Even if there were revolutionary technologies on the horizon in the 2021, manufacturing and logistics have slowed due to the pandemic and while countries like the US and UK might be returning to normal, the emerging markets where many goods and technologies are produced are lagging behind in terms of vaccine rollout and the backlog of orders that remain unfulfilled is mounting.

We saw an example of this recently with the global scarcity of semiconductor chips. Unable to source this tiny piece of technology, Jaguar Land Rover in Merseyside was forced to temporarily cease production. Similarly, Samsung has announced it may have to delay the launch of its latest smartphone because of the shortage. This kind of disruption to supply chains could take a long time to recover from and without the necessary supplies, how can we expect new technologies to revive our economy? 

Is our economic situation really comparable to the 1920s?

As nice as it is to picture the world emerging from the pandemic and entering a decade-long golden era of economic prosperity, it could be argued that our economic situation is much more comparable to that of the late 1920s and we all know what happened then…

In today’s markets, we are seeing examples of asset price bubbles which occur when market participants drive stock prices and the price of other assets above their intrinsic value. The period leading up to the Wall Street Crash of 1929 and the Dot com bubble just before the millennium are two examples.
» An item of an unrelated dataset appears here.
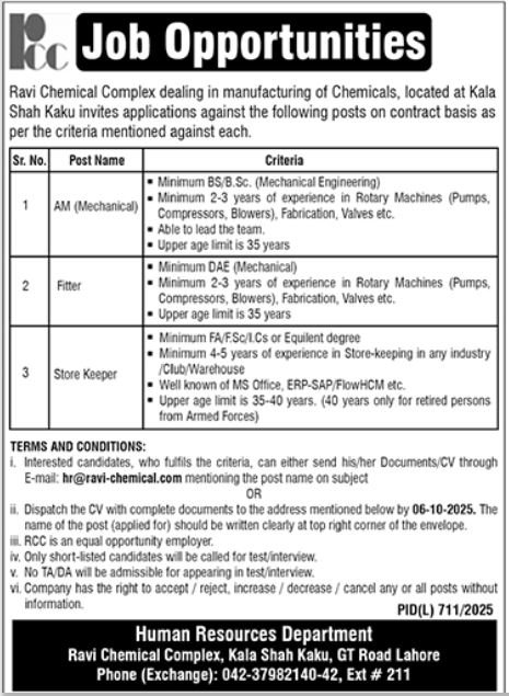 Ravi Chemical Complex announced new jobs for the position of Am Mechanical, Fitter, Store Keeper. These jobs are related to Management category and Government jobs. The minimum qualification required for this job is Intermediate, Bachelor, DAE.

Prior to both of these economic events, prices were driven by speculation around new technologies with investment pouring into these sectors.

In 2021, there are similar things happening. Elon Musk’s TESLA for example has soared by more than 700% in the last year. Similarly, investment into cryptocurrency has far exceeded any other asset class, with bitcoin’s value rising 600% in just a year. Even Doge Coin, which was originally created as a tongue-in-cheek reaction to the hype surrounding Bitcoin, has soared following endorsement from Elon Musk on Twitter over the last few months (see below graph).


In summary, of course there is going to be a short-term ‘Roaring 20s’ style revival of the likes of the hospitality, retail and travel sectors. People will emerge from lockdown eager to enjoy themselves and are likely to spend at least a small portion of their savings on the fun they have been deprived of for over a year. This pent-up demand will likely fuel a short-term boost to businesses in certain sectors, but whether it can sustain the economy for an entire decade is yet to be seen.

Disclaimer: The views, thoughts and opinions expressed within this article are those of the author, and not those of any company within the Capital International Group (CIG) and as such are neither given nor endorsed by CIG. Information in this article does not constitute investment advice or an offer or an invitation by or on behalf of any company within the Capital International Group of companies to buy or sell any product or security or to make a bank deposit.